Florence is a beautiful place, doesnt matter if you're interested in taking landscapes, architecture, people, streetscenes ....whatever....you can find a treasuremine of shots out of any category to take.

I took 1200 shots through Italy and Spain (Madrid,Toledo, Rome and Florence) which I havent been able to go through and edit and whatnot due to very limited access to the computer (I have a laptop which is pulled out to sit on the bed at home and I am not using that, through fears my back will inevitably sieze up).

A place in Florence, which provides a wonderful look-out over the city is in Boboli Gardens. You will need to walk up some great little Italian pathways to get to it but the climb is worth it  

Will think of some more places later. Must stop being a slacker and get back to work.


----------



## spencer87 (Jun 8, 2006)

i second the recommendation for Burano, definitely beautiful!









Lake Garda in the north is beautiful as well. Different atmosphere from the rest of Italy, a lot of German/Austrian influence because of its proximity. 

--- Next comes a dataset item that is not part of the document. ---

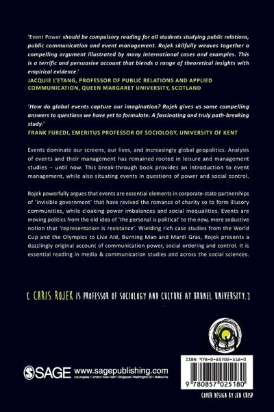 "Rojek's argument is a psychological one, although his message is political: global events build on people's needs to feel empowered and jointly engaged in the pursuit of a higher purpose; they allow a break from daily routines, provide an illusion of intimacy and social membership, and create a sense of self-validation and personal gratification. In short, participation in such events makes us feel good. At the same time, the real effect of global events seems to be the maintenance of global inequality and social injustice, as well as huge profits for the organizations involved in planning, commercializing and securing these happenings. In sketching out this palliative function of global events from the perspective of people's needs on the one hand, and unveiling their puppet masters backstage on the other, Rojek's book presents a compelling account of the role of organized events in modern society."" - Organization Studies Events dominate our screens, our lives, and increasingly global geopolitics. Analysis of events and their management has remained rooted in leisure and management studies - until now. This break-through book provides an introduction to event management, while also situating events in questions of power and social control. Rojek powerfully argues that events are essential elements in corporate-state partnerships of 'invisible government' that have revived the romance of charity as to form illusory communities, while cloaking power imbalances and social inequalities. Events are moving politics from the old idea of 'the personal is political' to the new, more seductive notion that 'representation is resistance'. Wielding rich case studies from the World Cup and the Olympics to Live Aid, Burning Man and Mardi Gras, Rojek presents a dazzlingly original account of communication power, social ordering and control. It is essential reading in media & communication studies and across the social sciences.

I would also recommend a stop in San Gimignano. It's a small medeival town about an hour from Florence, and the architecture is incredible. Also a good place to shop for wine and olive oil.


----------



## Alessandra (Jun 10, 2006)

Italy is an amazing place to take photos of.I was in Firenze, Roma, Pisa, Venice,  Assisi, Siena and Padova and took some nice photos.The problem was that i only had a 128MB card at me and i didn't have the time to download the pictures on cds.The sights are amazing though and it's worth every minute and penny


----------



## Ducks_own (Jun 10, 2006)

That's why I want to go back... But thanks to me being poor, it won't happen for a very, long, time.


----------



## mad_malteaser (Jun 10, 2006)

I'm not sure of the names of the regions in Italy, but northern Italy would be my recommendation. I remember staying in a little place called Aosta, one of the most beautiful villages I've ever seen, right in the Alps.


----------